BaFin is Germany’s Federal Financial Supervisory Authority. They’re the ones keeping the financial system in check.

Whether it’s banks, insurance companies, or investment firms, BaFin makes sure everyone’s playing by the rules to keep the system running smoothly and fairly.

One area BaFin oversees is anti-money laundering (AML). And lately, they’ve been reminding stakeholders of the expectations.

Earlier this year, Carsten Sperl, BaFin's specialist in money laundering prevention, highlighted the regulator's intensified focus on insurance companies' anti-money laundering measures.

While speaking specifically about the insurance industry, he suggested that AML is a real topic for concern.

“One of the areas we are focussing on right now is foreign insurance undertakings with branches in Germany,” he explained.

“They are not required to file any reports with us regarding their measures for the prevention of money laundering and terrorist financing.
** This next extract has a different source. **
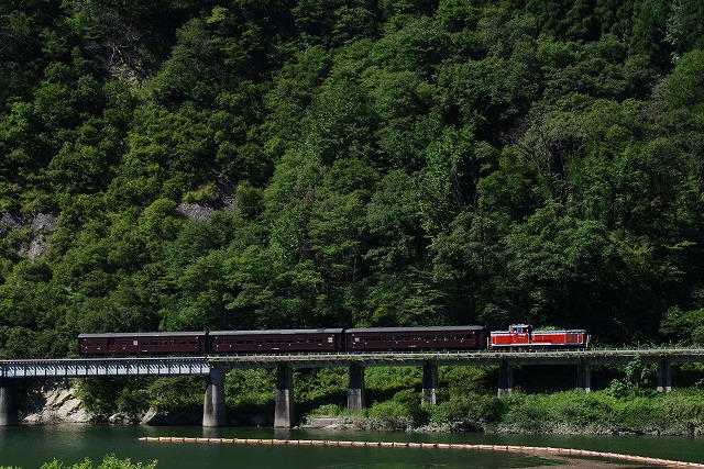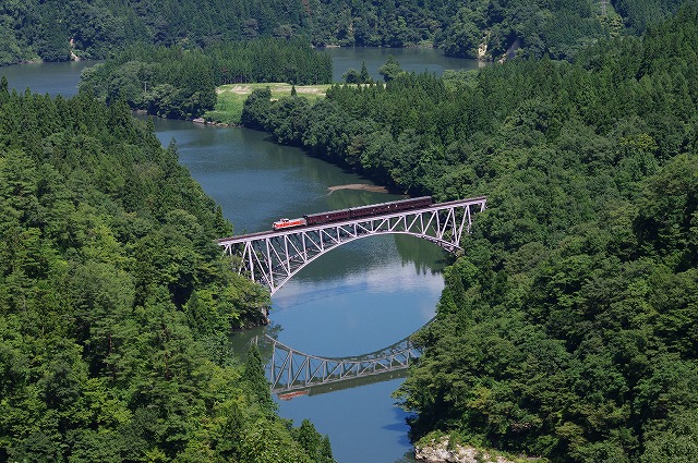 | 10月に運転される只見線全線運転再開記念号の試運転が行われるとのことで、朝3時に会津へ向けて出発した。西日本に大きな台風が接近していて影響が心配だったが、峠を越えて会津地方に入ると青空が広がっていた。8時前に三島の道の駅に到着。満車表示だったがタイミング良く1台が出て行ったので、誘導員の指示に従い駐車した。第一橋梁は初めてだったが同行のSについて整備された登山道を上がり、鉄塔のふもとのベンチがあるところにセッティング、いい感じで水鏡が出ていた。鈍行2本通過後に風が出てきて水面が波打ちだした。雲がいくつか通過しだし、いつもの事と諦めかけていたが、通過前に雲は去り(全部ではないが)風が止み、水鏡が再び現れた。通過時は山の上に雲が残ったが、待望の水鏡は撮影できた。 |

They are mainly supervised by the supervisory authorities in their respective home countries.”

This followed on from a 2023 BaFin published article emphasizing the importance of anti-money laundering compliance for registered asset management companies in Germany.
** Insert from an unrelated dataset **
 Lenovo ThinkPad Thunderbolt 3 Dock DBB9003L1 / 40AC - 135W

The article highlighted that, since 2021, these companies are required to undergo annual financial statement audits, which include AML assessments.
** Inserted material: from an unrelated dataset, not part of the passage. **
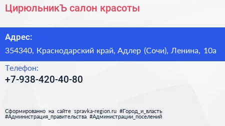 ЦирюльникЪ, салон красоты по адресу 354340, Краснодарский край, Адлер (Сочи), Ленина, 10а в дальнейшем Организация, размещена в следующих категориях:

However, many have not yet adequately adapted their AML processes.

To make sense of how BaFin influences asset management and figure out how to stay ahead of the curve, we chatted with YPOG’s experts Stefanie Nagel, Sylwia Luszczek and Jannik Zerbst.

They’ve got some great insights into BaFin’s priorities, the biggest AML challenges fund managers face, and some practical tips for navigating what can often feel like a compliance quagmire.

YPOG

BaFin’s Eye on AML: What It Means for Private Equity

In private equity, compliance with anti-money laundering regulations is a well-known responsibility.

But as Germany’s financial regulator, BaFin, clarifies its expectations, the question arises: is BaFin becoming more stringent, or is the industry simply hearing more reminders about its obligations?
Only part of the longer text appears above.